» TASK DIRECTIONS:
In the records below, find the line containing "Цептер Интернациональ, торговая" and the line containing "Carlo Acutis Resin". Give again exactly those lines and every line between them, omitting the pictures.

» DATA:
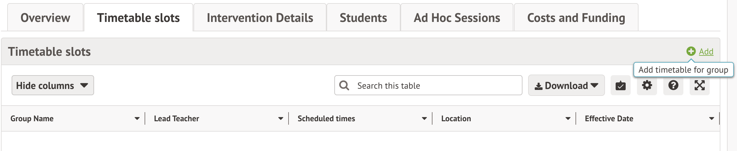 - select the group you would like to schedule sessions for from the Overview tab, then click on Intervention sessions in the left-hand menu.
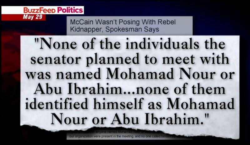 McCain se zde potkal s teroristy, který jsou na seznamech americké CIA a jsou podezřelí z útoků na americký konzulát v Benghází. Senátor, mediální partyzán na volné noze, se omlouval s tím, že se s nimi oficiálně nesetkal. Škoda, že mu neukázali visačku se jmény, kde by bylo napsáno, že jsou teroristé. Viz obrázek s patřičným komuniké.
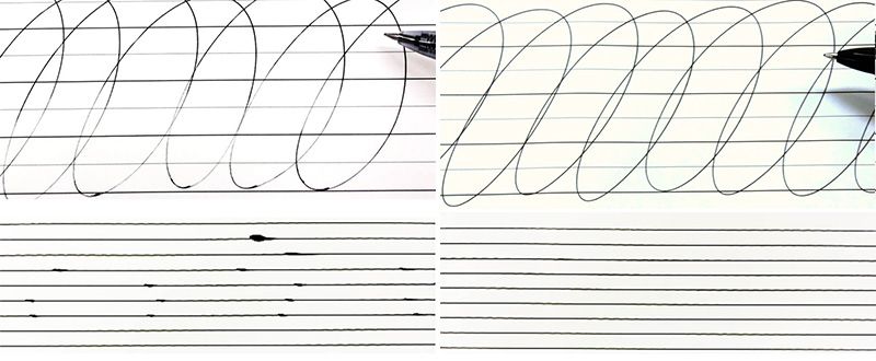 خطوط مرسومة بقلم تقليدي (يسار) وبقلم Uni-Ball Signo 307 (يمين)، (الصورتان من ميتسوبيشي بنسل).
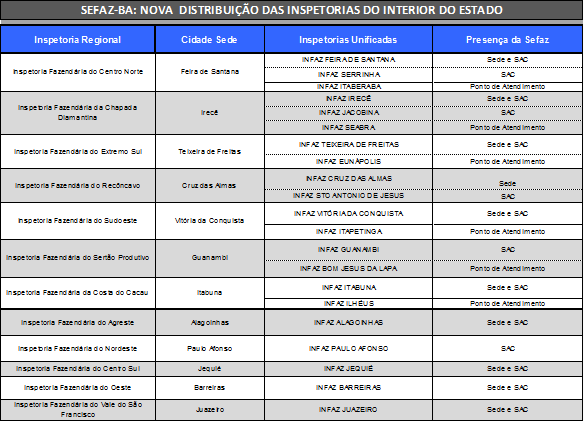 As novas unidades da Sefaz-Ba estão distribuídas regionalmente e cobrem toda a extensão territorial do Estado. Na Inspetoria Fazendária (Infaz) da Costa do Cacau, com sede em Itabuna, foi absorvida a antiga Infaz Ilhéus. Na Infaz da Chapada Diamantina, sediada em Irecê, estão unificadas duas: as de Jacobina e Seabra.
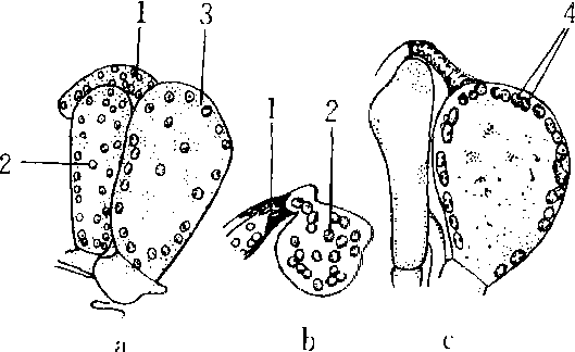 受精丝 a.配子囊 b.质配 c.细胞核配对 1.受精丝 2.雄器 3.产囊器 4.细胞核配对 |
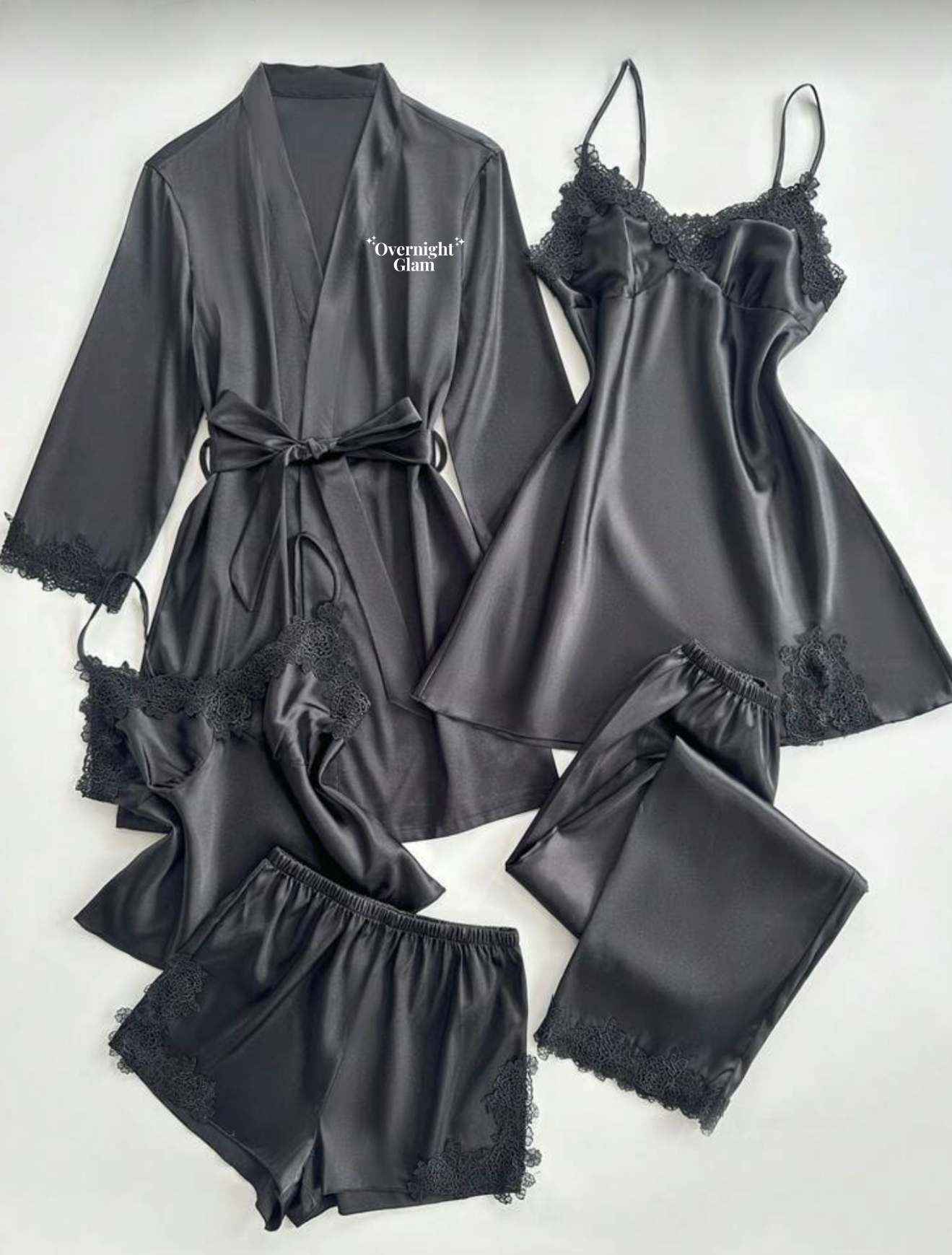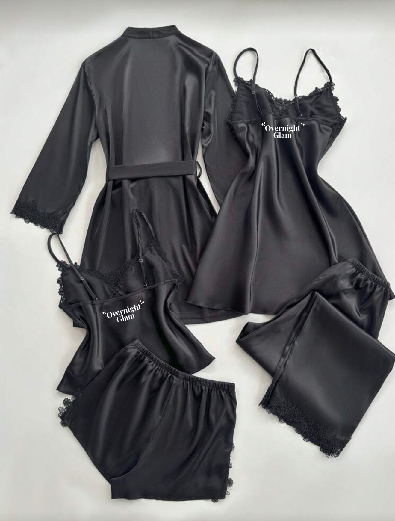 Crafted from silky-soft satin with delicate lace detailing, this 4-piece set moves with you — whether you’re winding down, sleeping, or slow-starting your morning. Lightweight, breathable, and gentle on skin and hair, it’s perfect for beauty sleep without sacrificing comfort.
==
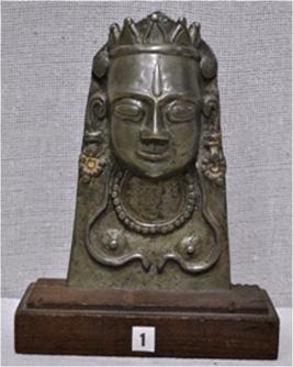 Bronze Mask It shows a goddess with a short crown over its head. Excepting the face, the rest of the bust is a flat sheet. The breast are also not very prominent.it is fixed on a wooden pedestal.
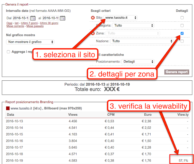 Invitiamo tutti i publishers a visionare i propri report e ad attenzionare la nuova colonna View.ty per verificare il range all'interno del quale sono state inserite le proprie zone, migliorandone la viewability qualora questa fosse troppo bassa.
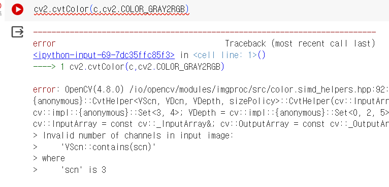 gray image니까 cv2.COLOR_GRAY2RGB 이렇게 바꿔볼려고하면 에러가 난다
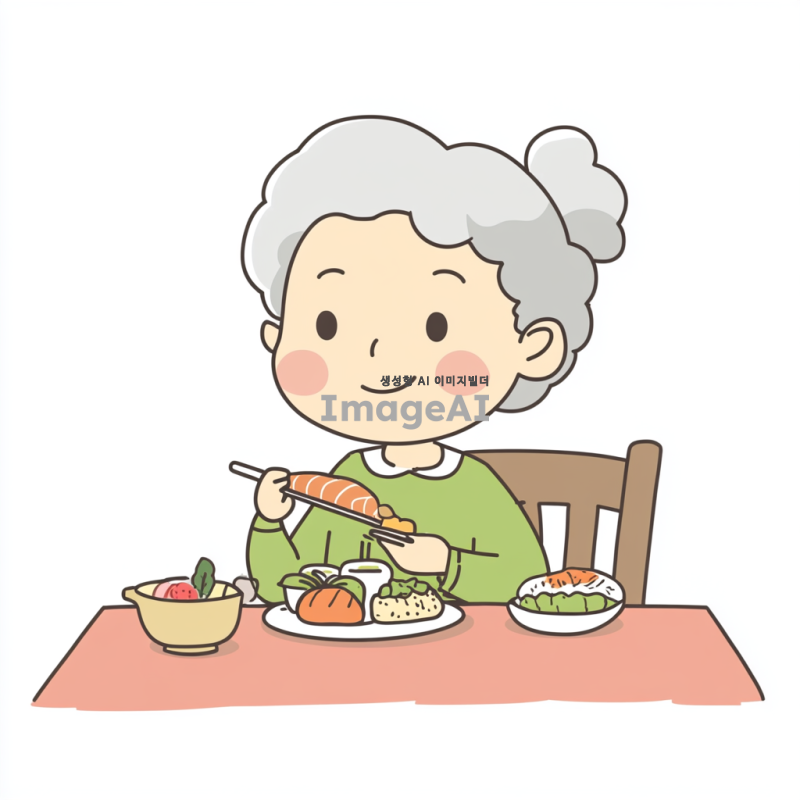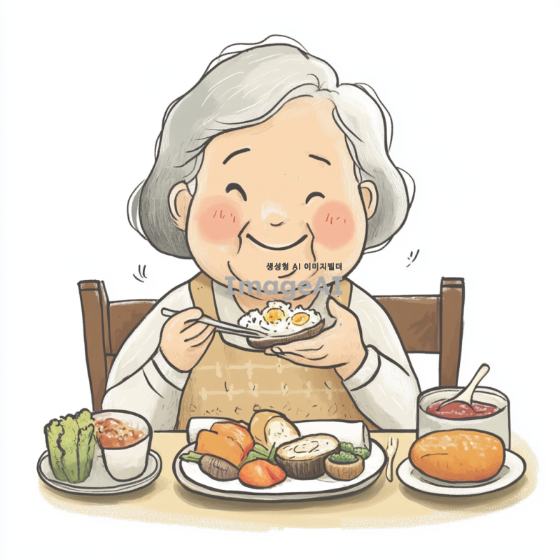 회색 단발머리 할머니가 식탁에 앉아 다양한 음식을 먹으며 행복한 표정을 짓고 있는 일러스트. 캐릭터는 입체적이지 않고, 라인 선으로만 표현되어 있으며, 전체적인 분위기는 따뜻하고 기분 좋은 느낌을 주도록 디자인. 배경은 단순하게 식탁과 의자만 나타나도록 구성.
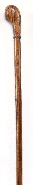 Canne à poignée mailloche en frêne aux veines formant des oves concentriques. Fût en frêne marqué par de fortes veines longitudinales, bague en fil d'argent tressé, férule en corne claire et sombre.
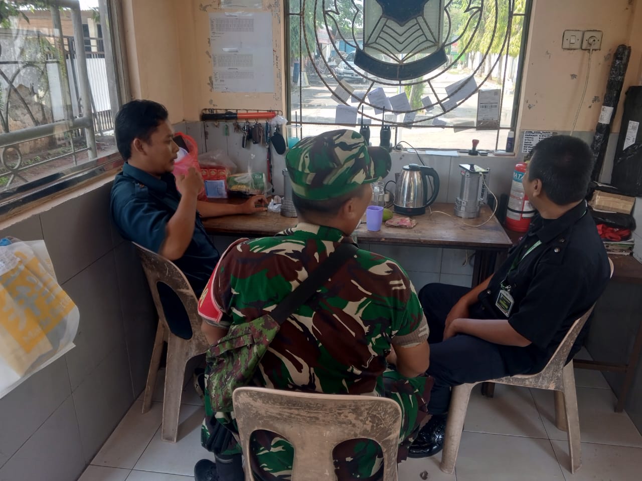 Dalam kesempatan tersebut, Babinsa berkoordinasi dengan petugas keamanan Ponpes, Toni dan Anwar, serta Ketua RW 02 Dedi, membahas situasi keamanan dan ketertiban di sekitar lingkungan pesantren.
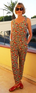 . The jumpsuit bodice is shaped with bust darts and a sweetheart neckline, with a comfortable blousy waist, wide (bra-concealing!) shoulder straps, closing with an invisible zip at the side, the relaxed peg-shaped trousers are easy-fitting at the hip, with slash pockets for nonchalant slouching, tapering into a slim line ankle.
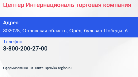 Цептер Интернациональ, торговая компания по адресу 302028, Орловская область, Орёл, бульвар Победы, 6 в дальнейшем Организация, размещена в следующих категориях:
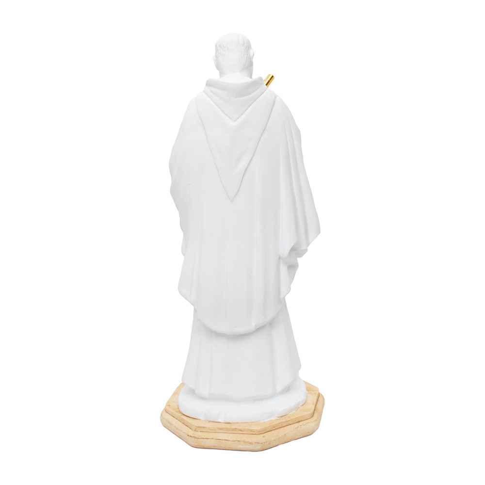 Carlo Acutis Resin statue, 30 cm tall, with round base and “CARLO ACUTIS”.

» EXERCISE RESULT:
 Цептер Интернациональ, торговая компания по адресу 302028, Орловская область, Орёл, бульвар Победы, 6 в дальнейшем Организация, размещена в следующих категориях:
 Carlo Acutis Resin statue, 30 cm tall, with round base and “CARLO ACUTIS”.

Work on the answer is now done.